To succeed is to fail, fail, and fail, and in-between failures, stand back up, learn from the dust, rest, and try again. To be wrong a lot of the time so you can occasionally be right…. Wait, no, failure isn’t wrong. Wrong smacks too much of morality. Failure is a key to learning (Oops, I made my chocolate cake without chocolate. Next time I’ll use chocolate.), but if we’re constantly chastising, teaching people to not trust their efforts and points of view, how can we expect our kids to Just Do It if they’re bound to Do It Wrong? I’m afraid of failing. I’m afraid of messing up, and I grew up pre-internet, when messages had fewer means of reaching and corrupting my tiny mind. My kids are slightly less connected than those in the US but they are still terrified of failure, and why wouldn’t they be? When parents get angry over 90% grades, when kids laugh at peers that mess up, when The Church looms over most of their lives, that doesn’t create an environment where kids are ready to try new things. So they turn off their brains, wait to be given the answer, and pout, whine, and get angry when the answer isn’t clear.

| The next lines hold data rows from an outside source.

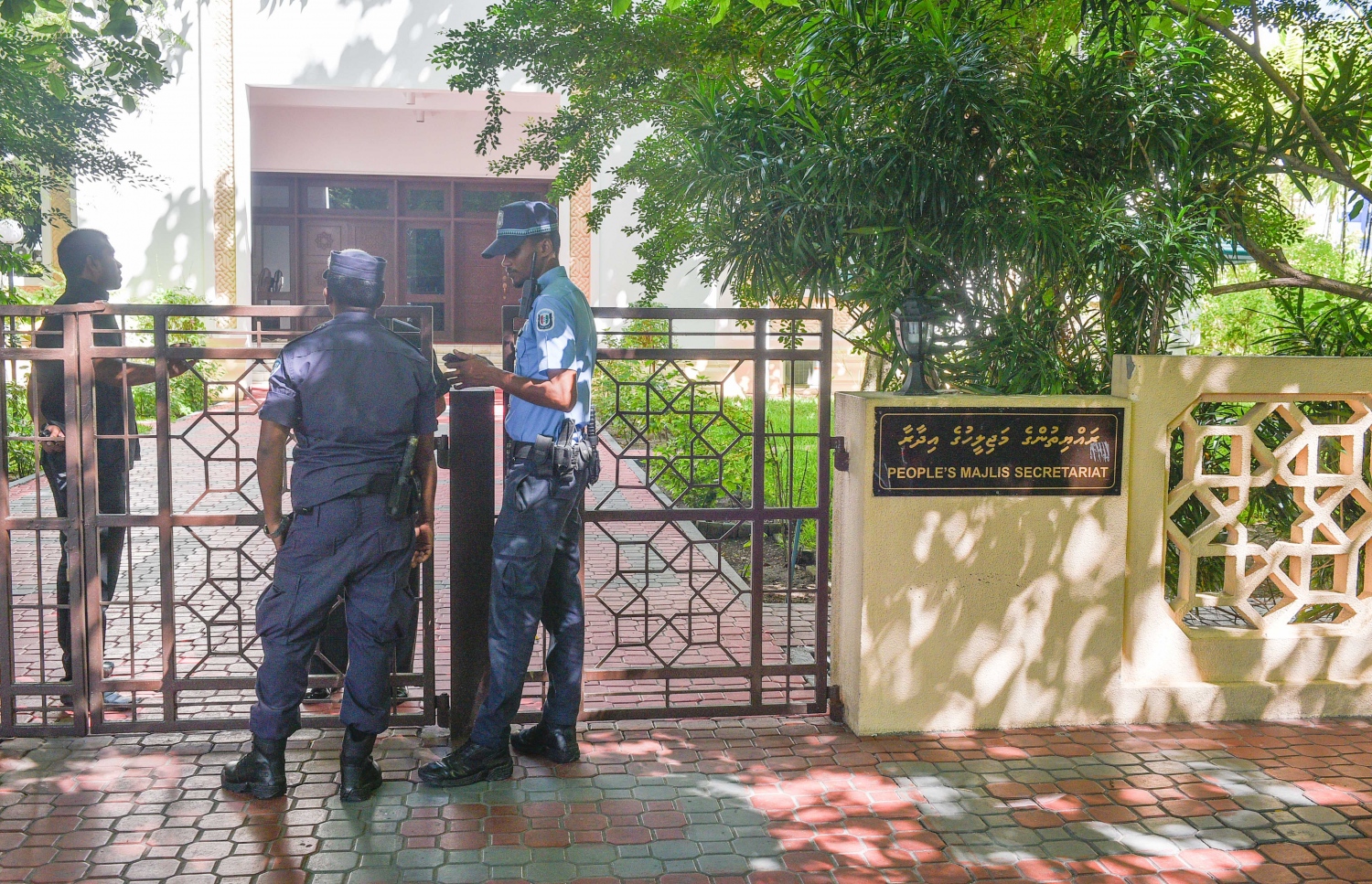 މަޖިލީހުގެ ޖަލްސާއެއް މިއަދު ބާއްވާނެ ކަމަށް އިދިކޮޅު މެމްބަރުން ވިދާޅުވެފައި ވަނިކޮށް، މަޖިލީހުގެ އިދާރާގެ ހުރިހާ ގޭޓުތައް ތަޅުލައި، ސިފައިން ދަނީ ދެ ފަރާތު ގޭޓް ކައިރީގައި ފޯރިމަރަމުންނެވެ. އަދި މަޖިލީހުގެ އިދާރީ މުވައްޒަފުން ފިޔަވައި އިތުރު ބަޔަކު އެ ތަނަށް ވަނުން ވަނީ މަނާކޮށްފަ އެވެ.
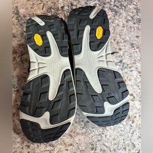 Like new — see updated photos of soles. Size WM 9, B - Medium. With Vibram soles. Experience comfort and style with Topo Athletic women's running shoes. These grey shoes are perfect for your athletic needs, offering durability and support.
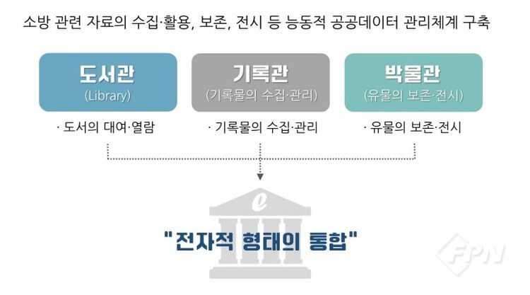 위원회는 장기적으로 ‘소방 E-라키비움’을 구축해야 한다고 강조한다. ‘라키비움(Larchiveum)’은 ‘Library’와 ‘Archives’, ‘Museum’을 혼합해 만든 신조어로 도서관과 기록관, 박물관의 기능을 지닌 지식정보 집합체를 의미한다.
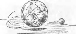 Вдруг вратарь стал уменьшаться, уменьшаться и наконец, превратился в маленький целлулоидный мячик для настольного тенниса, а футбольный мяч оказался чугунным шаром. Шар бешено кружился по гладкому полу комнаты, стремясь раздавить маленький целлулоидный мячик. Бедный мячик в отчаянии метался из стороны в сторону, выбиваясь из сил и не имея возможности подпрыгнуть.
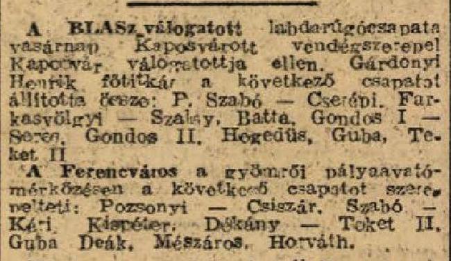 Barátságos, Ferencváros—Gyömrői SE, Gyömrő, fél 6.
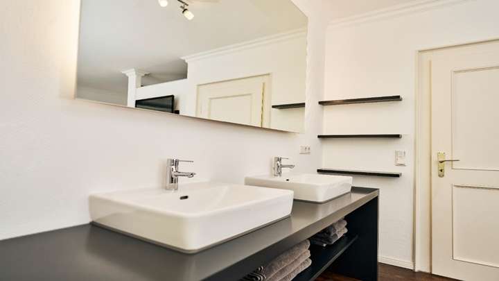 Im 2. OG wurden zwei weitere Wohn- / und Schlafräume realisiert und ein weiteres Duschbad. Der gesamte Wohnbereich ist mit dem originalen, restaurierten Parkettboden ausgestattet.
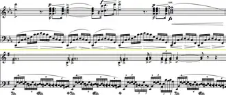 Like the second and fourth pieces, number six is written in the form of an étude, with a repetitive but technically challenging chordal melody that is doubled in both hands.[2] In all, the work has three distinct elements played simultaneously: the main melody, the continuous thirty-second note broken chord figures, and a descending eighth note motif.[14] Dynamics play a large part in this piece: the fortissimo marked at the beginning is maintained all throughout the first section, with only brief respites to mezzo forte.[14] The middle section is wholly softer, and contains two areas with significant mounting tension, creating the aforementioned "apotheosis effect" with dramatic "false starts."[9] Here, the theme is manipulated contrapuntally to develop a canonic effect. This "triple counterpoint... is titanic both in size and impact, and in potential for disaster,"[9] referring to the tension, waiting for the final climax, in this "continuing explosion."[1] Immediately before the coda, the thick texture and canon suddenly disappear and the piece becomes piano. Upon entering the coda, the work resumes the forte theme and amalgamates to a majestic ending played fortississimo.[14]
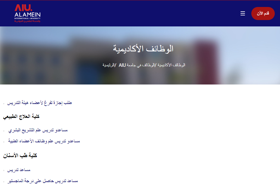 وظيفة جامعة.. أعلنت جامعة العلمين الدولية فتح باب التقديم لعدد من الوظائف الأكاديمية الشاغرة في كليتي العلاج الطبيعي وطب الأسنان، وذلك في إطار خطتها المستمرة لتعزيز الكوادر الأكاديمية وتطوير العملية التعليمية والبحثية داخل الجامعة.
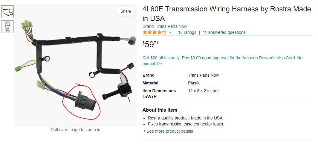Update. I found it. It is part of the transmission wiring harness and is for what I mentioned above. It took some digging, but I found the harness online. Take a look at pic 3. That is on Amazon.
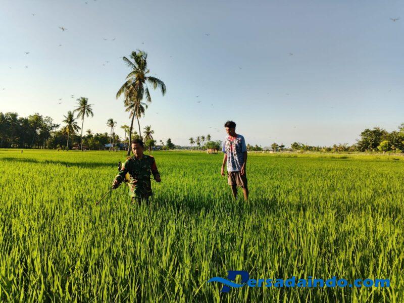 • Antisipasi Hama, Babinsa Praka Gusnanda Bantu Petani Semprot Tanaman Padi
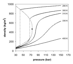 이산화 탄소의 밀도-압력 상 평형 그림(그림 2)에서도 단일 상의 출현을 관찰할 수 있다. 임계 온도보다 훨씬 낮은 온도(예: 280 K)에서 압력이 증가하면 기체가 압축되고, 결국 40 바를 약간 넘어 훨씬 밀도가 높은 액체로 응축된다. 이때 선에 불연속성이 나타난다(수직 점선). 이 시스템은 화학 평형 상태에 있는 두 개의 상, 즉 고밀도 액체와 저밀도 기체로 구성된다. 임계 온도(300 K)에 가까워질수록 평형 상태의 기체 밀도는 높아지고 액체 밀도는 낮아진다. 임계점(304.1 K, 7.38 MPa (73.8 바))에서는 밀도 차이가 없어지며, 두 개의 상은 하나의 유체 상이 된다. 따라서 임계 온도 이상에서는 압력을 가해도 기체를 액화할 수 없다. 임계 온도보다 약간 높은 온도(310 K)에서는 임계 압력 근처에서 선이 거의 수직이 된다. 압력이 약간만 증가해도 초임계 상의 밀도가 크게 증가한다. 점도, 상대 유전율, 용매 강도 등 다른 많은 물리적 특성도 임계점 근처에서 압력에 따라 큰 기울기를 보이는데, 이는 모두 밀도와 밀접한 관련이 있기 때문이다. 온도가 더 높아지면 유체는 이상 기체와 유사하게 행동하기 시작하며, 그림 2에서 볼 수 있듯이 밀도와 압력 관계가 더 선형적으로 나타난다. 이산화 탄소의 경우 400 K에서 밀도는 압력에 따라 거의 선형적으로 증가한다.
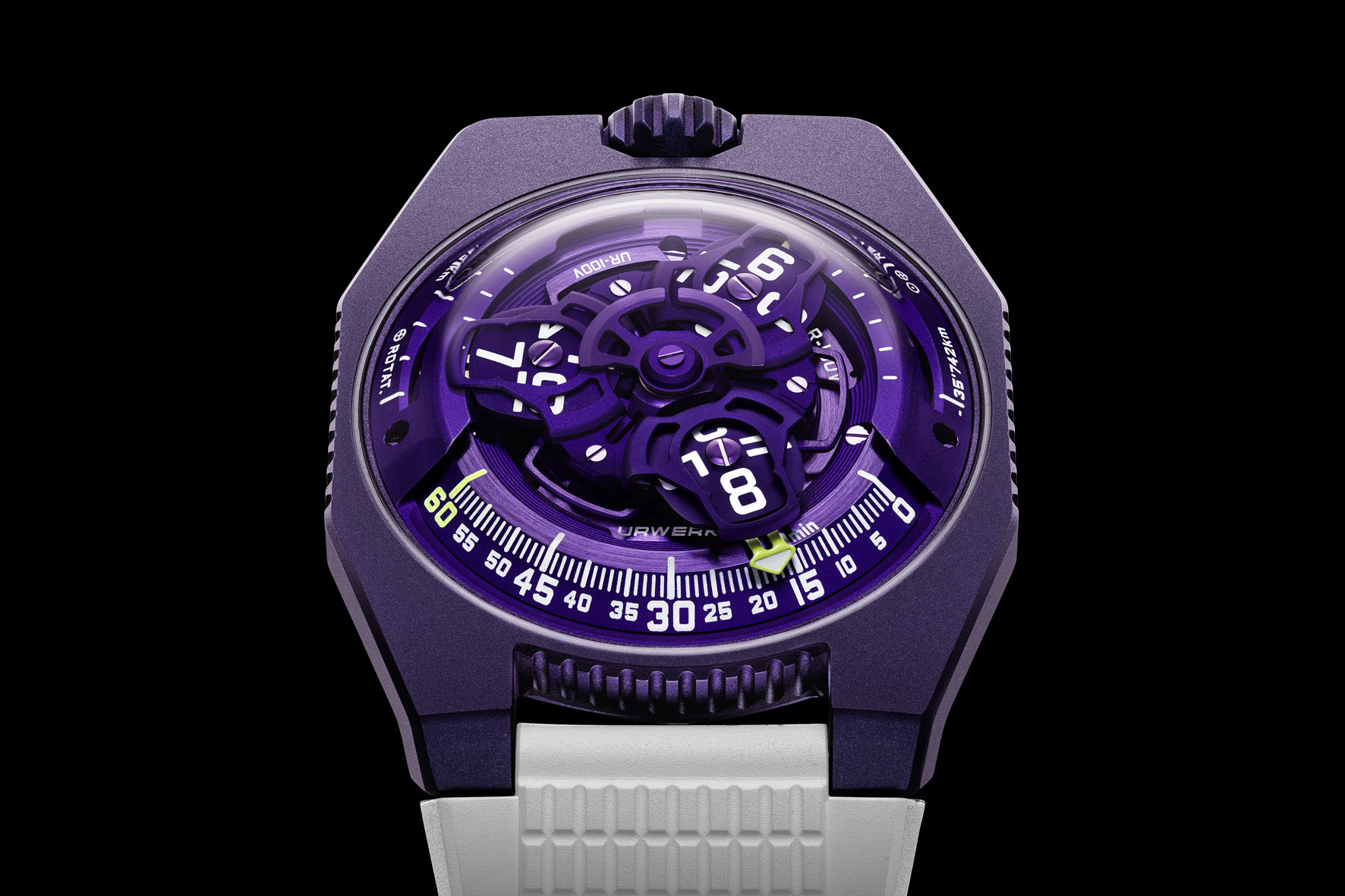 4 Settembre 2022Se dopo il modello con bracciale in titanio e il Time and Culture pensavamo che la collezione UR-100 fosse ormai al completo ci sbagliavamo… Ai Geneva Watch Days 2022 Urwerk ha infatti svelato il nuovo UR-100V UltraViolet, una nuova versione con cassa in DLC Viola e cinturino in gomma bianco a dir poco spaziale.
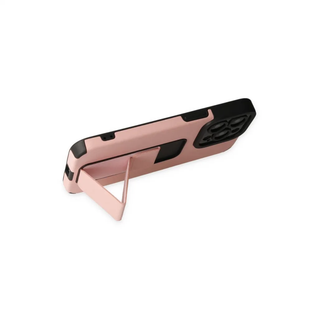 İphone 13 Pro Max Kılıf Mega Standlı Silikon - Pudra
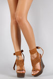 Bamboo Suede Leg Wrap Perforated Platform Wedge
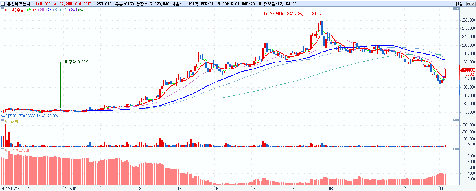 - 윤성에프앤씨 (140,300원 ▲ 18.8% , 시총: 11,195억, 거래량: 254,527, 거래대금:344억)
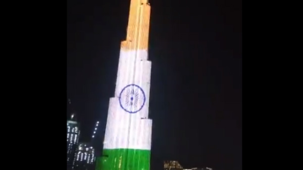ಸ್ವಾತಂತ್ರ್ಯ ದಿನಾಚರಣೆಯಂದು ದುಬೈನ ಬುರ್ಜ್ ಖಲೀಫಾದಲ್ಲಿ ವಿದ್ಯುತ್ ದೀಪಗಳಿಂದ ಭಾರತದ ತ್ರಿವರ್ಣ ಧ್ವಜವನ್ನು ಮೂಡಿಸಲಾಗಿದೆ. ರಾತ್ರಿ 8.45ಕ್ಕೆ ತ್ರಿವರ್ಣ ಧ್ವಜ ಮೂಡಿಸುವ ಮೂಲಕ ಭಾರತೀಯರಿಗೆ ಗೌರವ ಸಲ್ಲಿಸಲಾಗಿದೆ.
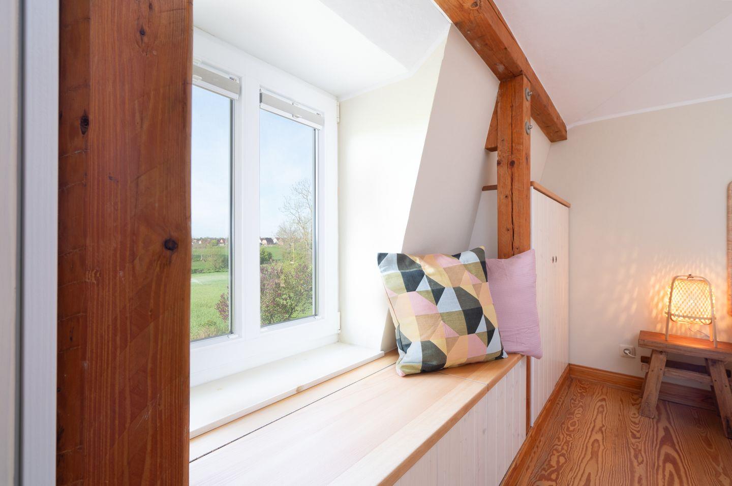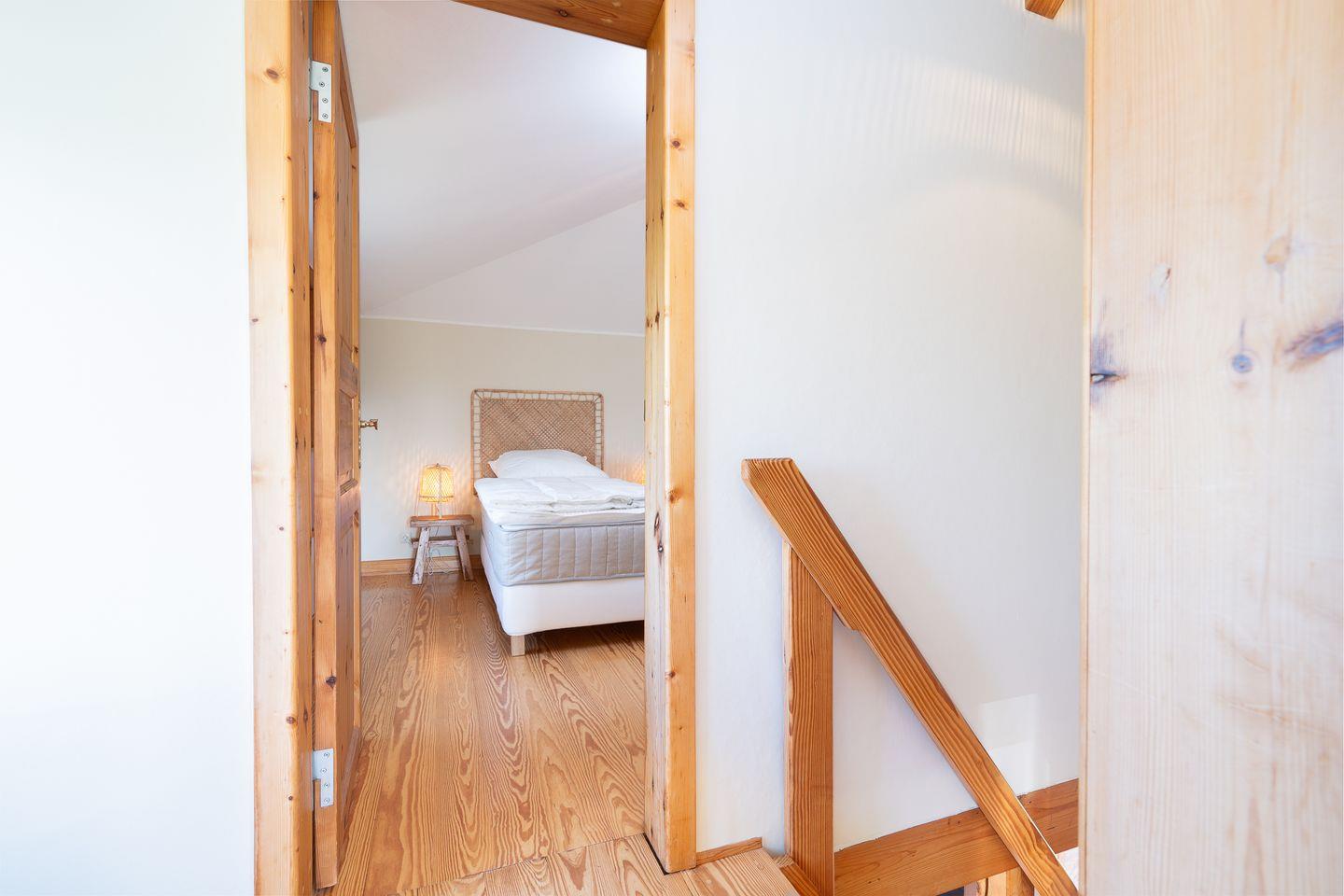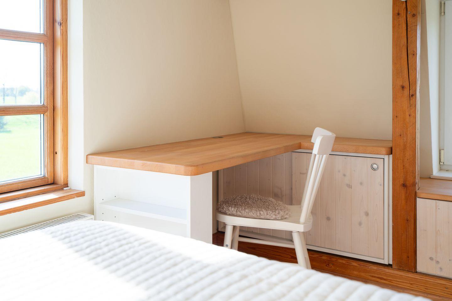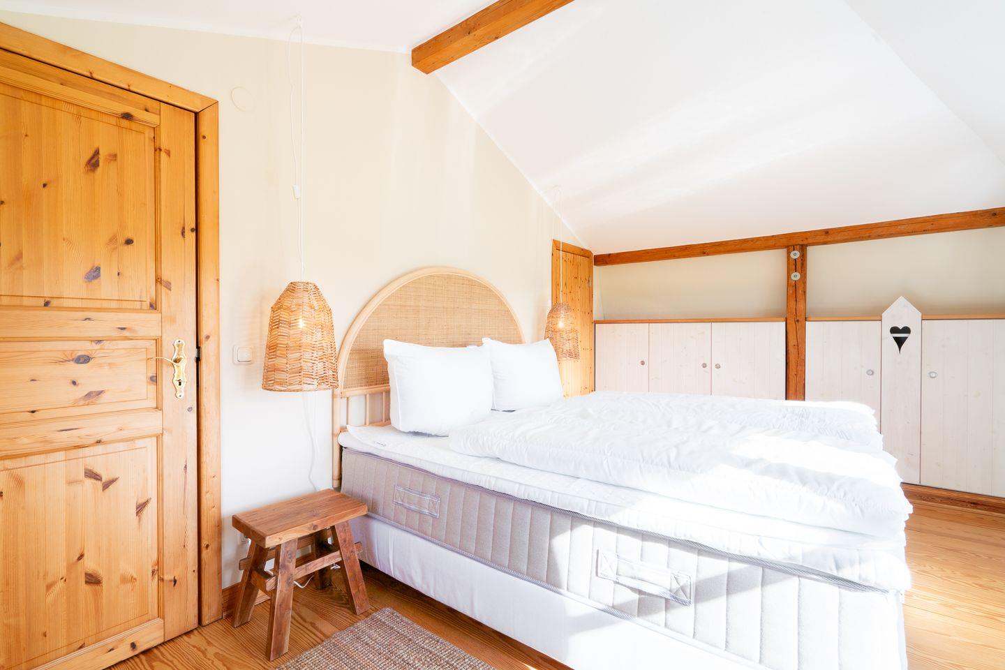 Das Duschbad ist mit Hänge-WC, kleinen Schränkchen, Handtuchtrockner und Waschbecken ausgestattet. Im Flurbereich führt eine Holztreppe in die obere Ebene, in der sich die beiden Schlafräume befinden. Raffiniert wurden die Schrägen genutzt, um möglichst viel Staufläche zu schaffen. Im ersten Schlafzimmer mit kleiner Arbeitsniesche und Doppelbett (160 x 200 cm) wurde ein begehbarer Kleiderschrank integriert. Im zweiten Schlafzimmer stehen zwei Einzelbetten (je 90 x 190 cm).

And now to go full circle, how does this relate to my criticisms of Serial? Failure means putting yourself on the very edge. It means having all the feels—the sadness, the pain, the extreme joys, the laughing out loud when no one else is, the crying in the corner for no good reason at all and letting the snot run out of your nose. It’s not always pretty and cool. So the vocal detachment sometimes seems a barrier to the sharing of experience. I suppose the idea is to, in reporter fashion, remove the teller from the story, to not influence the listener’s perspective, to allow space for independent opinion, but I don’t hear that. I hear hiding and judgment. I hear apathy. Sometimes. They’re doing it wrong. Or they’re doing it differently, in a way I don’t understand.

But I’m probably wrong.

And that’s okay.

theresa

P.S. The above is our new cat Nova. He wandered into our house on Valentine’s Day and hasn’t yet left.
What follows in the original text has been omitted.